Solar Power Purchasing Options Recommended by Energy Consultants

Solar energy has attracted massive investments across the world in recent years and there are two strong reasons for this. Firstly, the cost of photovoltaic technology has been declining rapidly since the year 2000, when solar panels were around 10 times more expensive. Furthermore, many countries and companies have committed to reducing greenhouse gas emissions, and solar energy is a convenient way to achieve this.

For many building owners, implementing solar energy means becoming familiar with a new technology, which brings a unique set of technical challenges. Although photovoltaic systems have much simpler maintenance needs than other types of generating equipment, they still require specialized skills for installation and maintenance.

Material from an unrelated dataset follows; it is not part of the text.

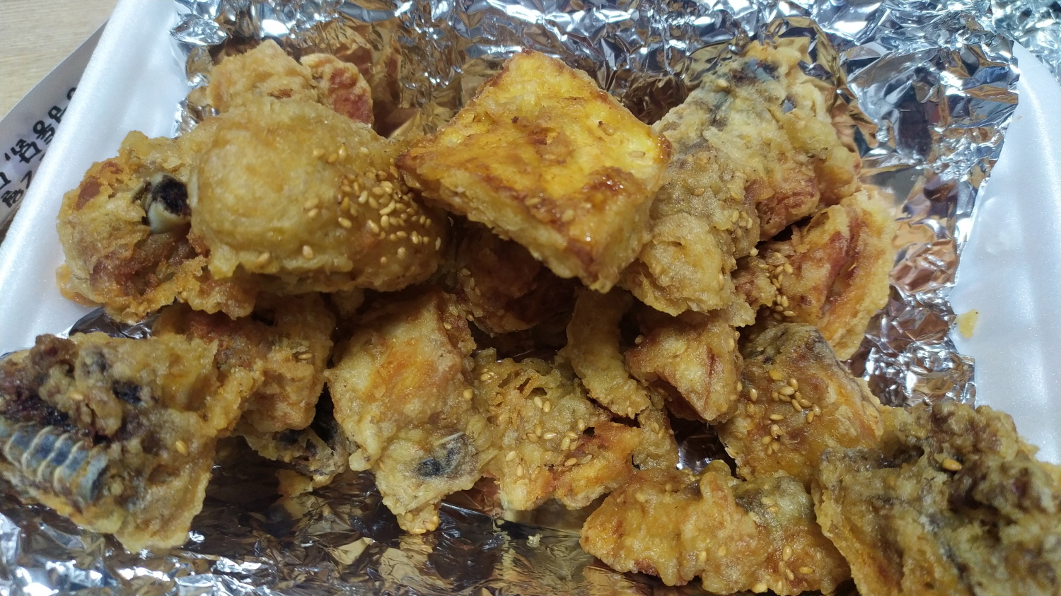 보기보다 많은 양으로 보이지만 먹어보면 너무 맛있어 부족하다. 특히 함께 튀겨낸 고구마! 가격이 비싼 시점이라 더 맛이 있다.

Solar energy systems have become much more affordable, but a large commercial or industrial installation can easily become a multi-million dollar investment. To maximize the value of such an investment, the photovoltaic system must be properly designed, installed and maintained.

There are three main options for building owners considering solar energy:

  • Direct purchase, where the photovoltaic system becomes part of the property.
  • Solar leasing, where the building owner leases a solar panel owned by a third party.
  • Solar Power Purchase Agreement (PPA), where building owners purchase energy output from a third-party owned solar panel.

Discover how much you can save with solar energy.

Buying a Solar Power System

This option is the simplest to explain: the end user owns the photovoltaic array and its energy production is subtracted from the electricity bills. Savings made in the first few years are used to recover the cost of installation and all production beyond that point is essentially free electricity, with only a small maintenance cost.

Photovoltaic systems can often achieve a payback period of less than 5 years. On the other hand, solar panels can last 25 years, while inverters and batteries last around 10 years. This ensures a long-term power supply that operates with a free and clean input – sunlight.

Because solar energy systems for large C&I buildings involve a significant investment, companies often turn to loans to cover their costs. The advantage of this option is that savings can be used to pay off debt and the net expense is zero:

  • Businesses often have access to low interest rates. They often buy equipment with loans to avoid a sudden outlay, even if they have funds available.
  • In the case of solar energy, electricity savings can typically cover the entire debt, while leaving net savings.

The main advantage of purchasing a solar energy system is that the long-term benefits are maximized, in exchange for a higher initial cost. Also consider that solar incentive programs are typically for the legal owners of PV systems and go to the supplier if you sign a solar lease or PPA.

Of course, owning a solar photovoltaic system comes with maintenance responsibilities. The surface of solar panels must be kept clean to maximize energy production, and warranty claims may be required if a component of the system fails. To own a solar energy system, building owners may have to expand or train their maintenance staff, or they may hire an outside company for routine maintenance.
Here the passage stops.